> Your objective: What are the lines below, starting at the line containing "2、从低难度关卡开始挑战,学习制作比较正常的汉堡,烹饪很简单。" and ending at the line containing "然后以确定的优组合优水平参数"? Write them out exactly, ends included, without pictures.

> Data to use:
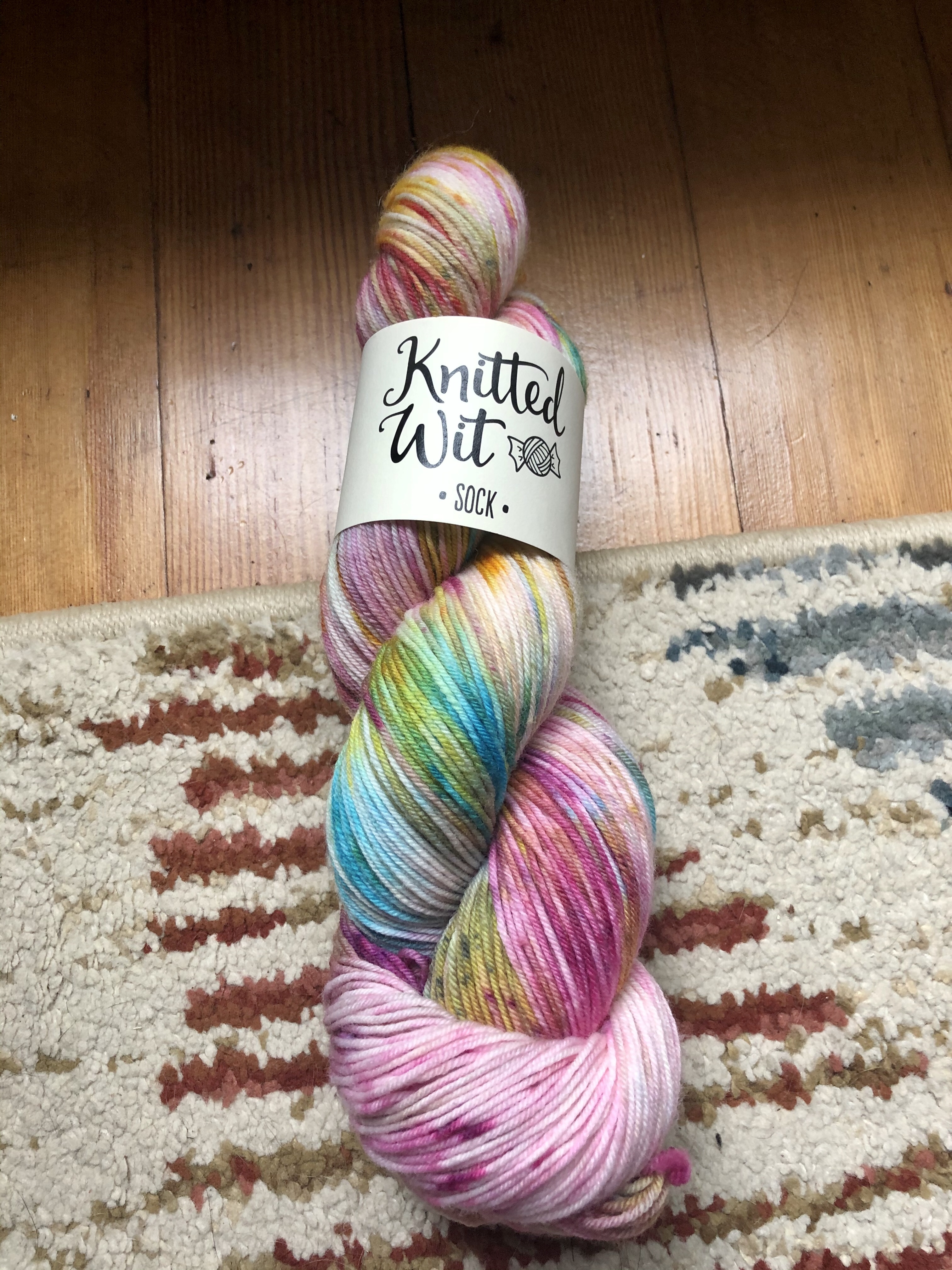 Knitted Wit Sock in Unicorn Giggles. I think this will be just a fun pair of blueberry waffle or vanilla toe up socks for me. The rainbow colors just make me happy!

* * *

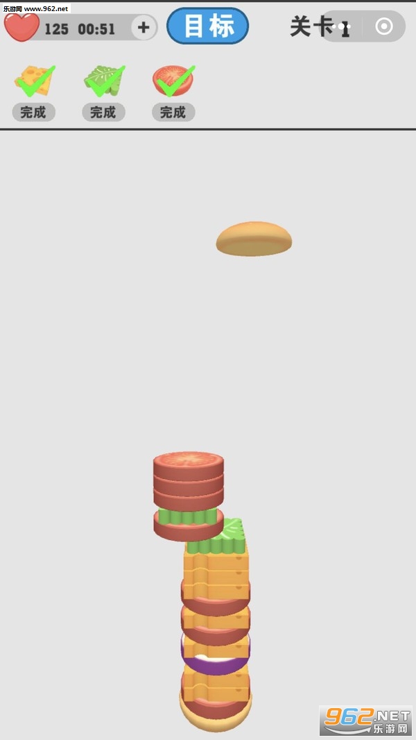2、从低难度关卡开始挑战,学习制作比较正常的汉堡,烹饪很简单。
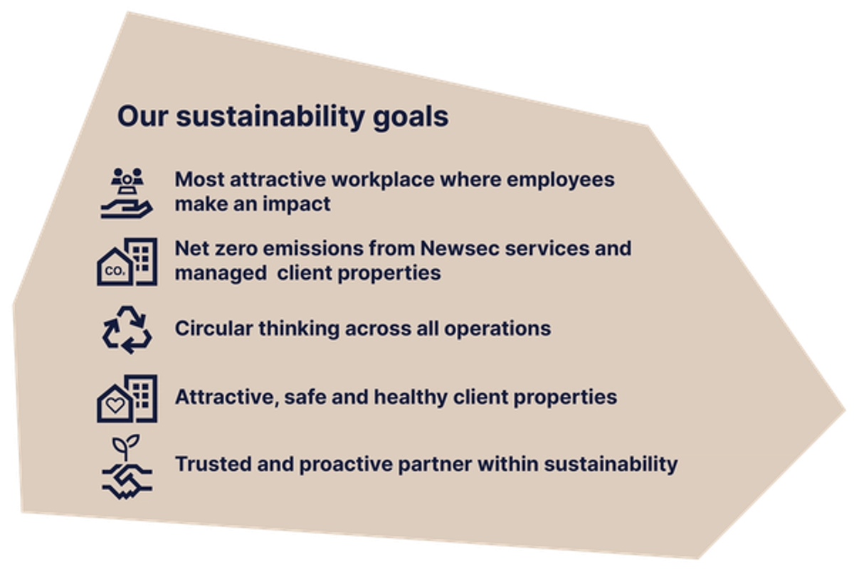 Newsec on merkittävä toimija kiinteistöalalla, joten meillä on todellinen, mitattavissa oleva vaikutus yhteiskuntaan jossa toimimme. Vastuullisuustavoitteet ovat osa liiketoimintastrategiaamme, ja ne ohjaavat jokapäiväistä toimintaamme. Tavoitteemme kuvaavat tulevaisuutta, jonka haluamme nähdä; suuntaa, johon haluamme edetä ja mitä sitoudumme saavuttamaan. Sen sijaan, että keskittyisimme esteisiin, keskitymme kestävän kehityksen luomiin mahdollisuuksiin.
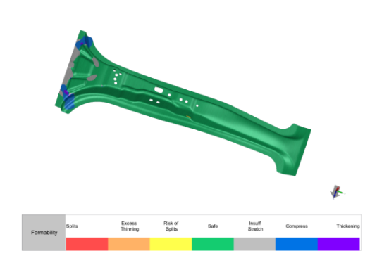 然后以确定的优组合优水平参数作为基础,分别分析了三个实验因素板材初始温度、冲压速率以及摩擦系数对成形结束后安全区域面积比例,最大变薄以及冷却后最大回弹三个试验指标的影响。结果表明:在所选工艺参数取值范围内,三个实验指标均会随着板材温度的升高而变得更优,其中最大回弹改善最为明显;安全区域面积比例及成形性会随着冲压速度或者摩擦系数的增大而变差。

> Expected answer:
2、从低难度关卡开始挑战,学习制作比较正常的汉堡,烹饪很简单。
 Newsec on merkittävä toimija kiinteistöalalla, joten meillä on todellinen, mitattavissa oleva vaikutus yhteiskuntaan jossa toimimme. Vastuullisuustavoitteet ovat osa liiketoimintastrategiaamme, ja ne ohjaavat jokapäiväistä toimintaamme. Tavoitteemme kuvaavat tulevaisuutta, jonka haluamme nähdä; suuntaa, johon haluamme edetä ja mitä sitoudumme saavuttamaan. Sen sijaan, että keskittyisimme esteisiin, keskitymme kestävän kehityksen luomiin mahdollisuuksiin.
 然后以确定的优组合优水平参数作为基础,分别分析了三个实验因素板材初始温度、冲压速率以及摩擦系数对成形结束后安全区域面积比例,最大变薄以及冷却后最大回弹三个试验指标的影响。结果表明:在所选工艺参数取值范围内,三个实验指标均会随着板材温度的升高而变得更优,其中最大回弹改善最为明显;安全区域面积比例及成形性会随着冲压速度或者摩擦系数的增大而变差。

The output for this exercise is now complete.